Yvan Arpa. © Revolution
Démarche disruptive également mais diamétralement opposée et plus intimiste pour Yvan Arpa qui, avec sa nouvelle marque Artya, entend révéler une nouvelle expression contemporaine de l'art horloger. Pour ce faire, le trublion de l'horlogerie associe les talents artistiques de sa compagne à ce nouveau projet, puisqu'elle signe de ses oeuvres tous les cadrans des premières collections.
En créant Artya, Yvan Arpa souligne qu'il a souhaité “ conceptualiser un rêve, celui d'introduire l'Art dans la montre, de transformer cet objet quotidien en oeuvre d'Art, et de créer ainsi une montre à mi-chemin entre un tableau et une sculpture pouvant être portée au poignet. ” “Artpiece 1/1 ” (360 pièces uniques) et “ Coup de foudre ” sont les deux premières collections présentées par Artya. Les montres de ces collections se caractérisent notamment par leurs cadrans décorés alternativement selon 17 procédés artistiques mêlant notamment, collages, pigmentation ou forge. La collection “ Coup de foudre” se distingue en outre par ses boîtiers “ gravés, broyés, mutilés, foudroyés ” par des décharges de 100'000 à un million de volts !
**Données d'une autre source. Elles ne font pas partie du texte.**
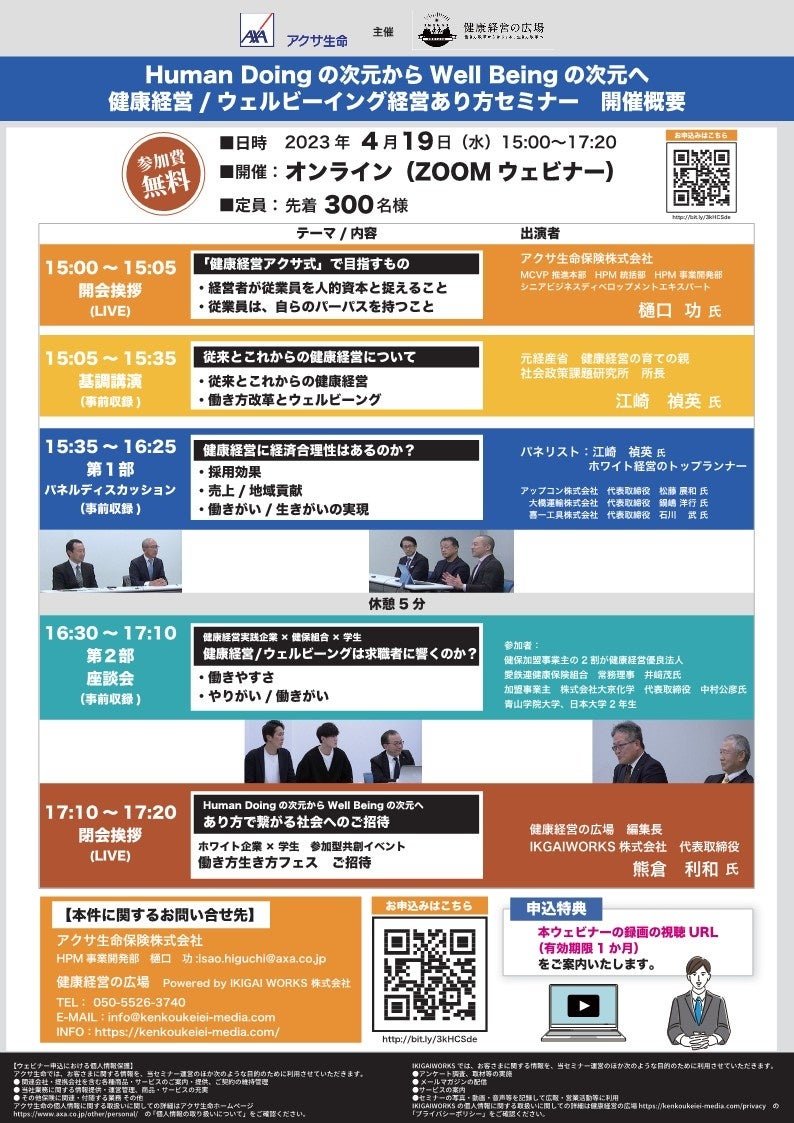3月9日、’23年の健康経営優良法人認定の結果が経済産業省から発表され、大企業部門2,666社(前年比+377社)、中小企業部門14,012社(前年比+1,757社)ともに昨年度を超える企業が認定されました。今回で7回目となり着実にすそ野が広がっている健康経営ですが、昨今は、健康管理からワークエンゲージメントの実現、さらにはウェルビーングや人的資本経営の土台という位置づけに健康経営が深化しています。IKIGAI WORKS株式会社(本社:山梨県北杜市)と、アクサ生命保険株式会社(本社:東京都港区)は、人事部門/経営者に対して、健康経営の育ての親である江崎祥英氏(社会政策課題研究所所長,元経産省)などをお招きしーHumanDoingからWell-Beingの次元へー『健康経営,ウェルビーング経営のあり方セミナー』をオンライン開催します。

Artya, des montres à l'égal des oeuvres d'art. © Revolution
On est à la fois peu éloigné de l'esprit provocateur initié par Titanic chez Romain Jerome, et en même temps à des années-lumière du caractère fédérateur du concept “ DNA of Famous Legends ”. Le caractère unique d'une montre suffit-il à vendre des boîtiers foudroyés ? L'art est-il un concept suffisamment nouveau en horlogerie pour inciter la distribution à soutenir cette démarche ? Yvan Arpa a fait ce pari. Concept de niche pour marché de niche, telle est - entre autres activités - la voie qu'il a décidé d'emprunter avec Artya. L'artiste a encore frappé.